Learn by Directing AI
All materials

pipeline-spec-template.md

Pipeline Specification -- Bois du Littoral Chain of Custody

1. Overview

Bois du Littoral SARL is a timber export company based in Douala, Cameroon. The company manages four forest concessions, operates a sawmill, and handles export logistics out of Douala port. They export sawn timber to approximately 30 countries across Europe, Asia, and West Africa.

EU buyers require FLEGT (Forest Law Enforcement, Governance and Trade) chain of custody documentation: proof that every piece of timber in a shipment can be traced back to a legally managed forest concession. The current manual process takes one week per shipment. The company exports approximately 40 times per year.

The pipeline connects three separate data systems to produce automated chain of custody documentation and operational reporting.

2. Data Sources

Forestry Inventory System

  • Format: CSV export
  • Records: ~500 rows (Jan 2023 - Dec 2024)
  • Key columns: concession_id, concession_name, log_tag, species, gps_lat, gps_lon, harvest_date, harvest_permit_number, volume_m3, harvest_team
  • Identification: Log tags (format "0NNN") painted on the log end at the forest concession. Unique within each concession but not globally unique across concessions.
  • Notes: Four concessions (C1-C4). C3 and C4 are partnership concessions with data in a different format. GPS coordinates have ~5% null rate (some entries logged without GPS).

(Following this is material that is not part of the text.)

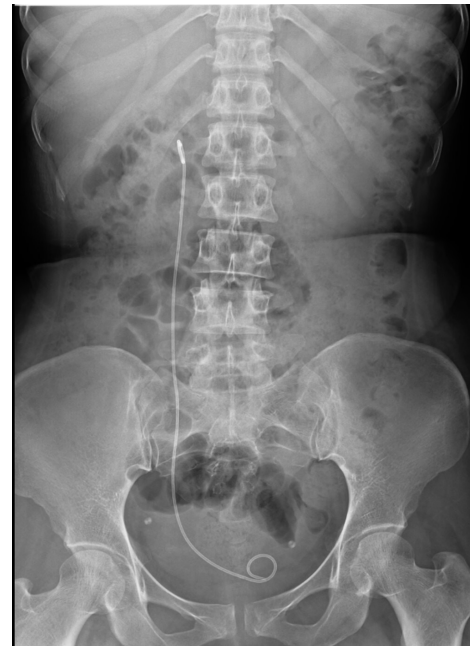
Figure 5 Post-percutaneous nephrolithotomy X-ray KUB with double J stent in situ.

stones. 7 Spontaneous passage of steinstrasse formed after renal interventions occur in 50%–60% of cases, but these are mainly small fragments belonging to type 1 or 2. Only in rare cases are type 3 fragments formed after treatment of renal stones, and their expulsion requires intervention. This report mentions large fragments belonging to grade 3. The literature does not mention the spontaneously formed steinstrasse's expulsion rate, and the formation or expulsion behaviour is difficult to predict.
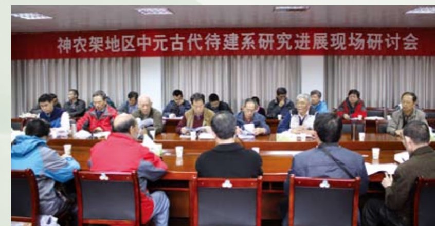
✦ Workshop on Mesoproterozoic stratigraphy Held in Shennongjia

Administration Bureau of the Shennongjia Global Geopark

Sawmill Production Database

  • Format: CSV export from production database
  • Records: ~320 rows (Jan 2023 - Dec 2024)
  • Key columns: batch_number, processing_date, log_intake_count, log_volume_in_m3, sawn_timber_out_m3, waste_percentage, species, grade
  • Identification: Batch numbers (format "SB-YYYY-NNN") assigned at the sawmill when logs are processed. No reference to forestry log tags.
  • Notes: Yield (sawn_timber_out / log_volume_in) ranges from 35-65% depending on species and grade. Hardwoods typically yield lower than softwoods.

Customs/Export System

  • Format: CSV export
  • Records: ~180 rows (Jan 2023 - Dec 2024)
  • Key columns: export_permit_number, container_id, destination_port, destination_country, shipment_date, batch_numbers (comma-separated), total_weight_kg, flegt_status
  • Identification: Export permit numbers (format "EXP-YYYY-NNN"). References sawmill batch numbers directly.
  • Notes: FLEGT status is "complete" (~85%), "pending" (~10%), or "incomplete" (~5%). The batch_numbers field contains comma-separated sawmill batch number references.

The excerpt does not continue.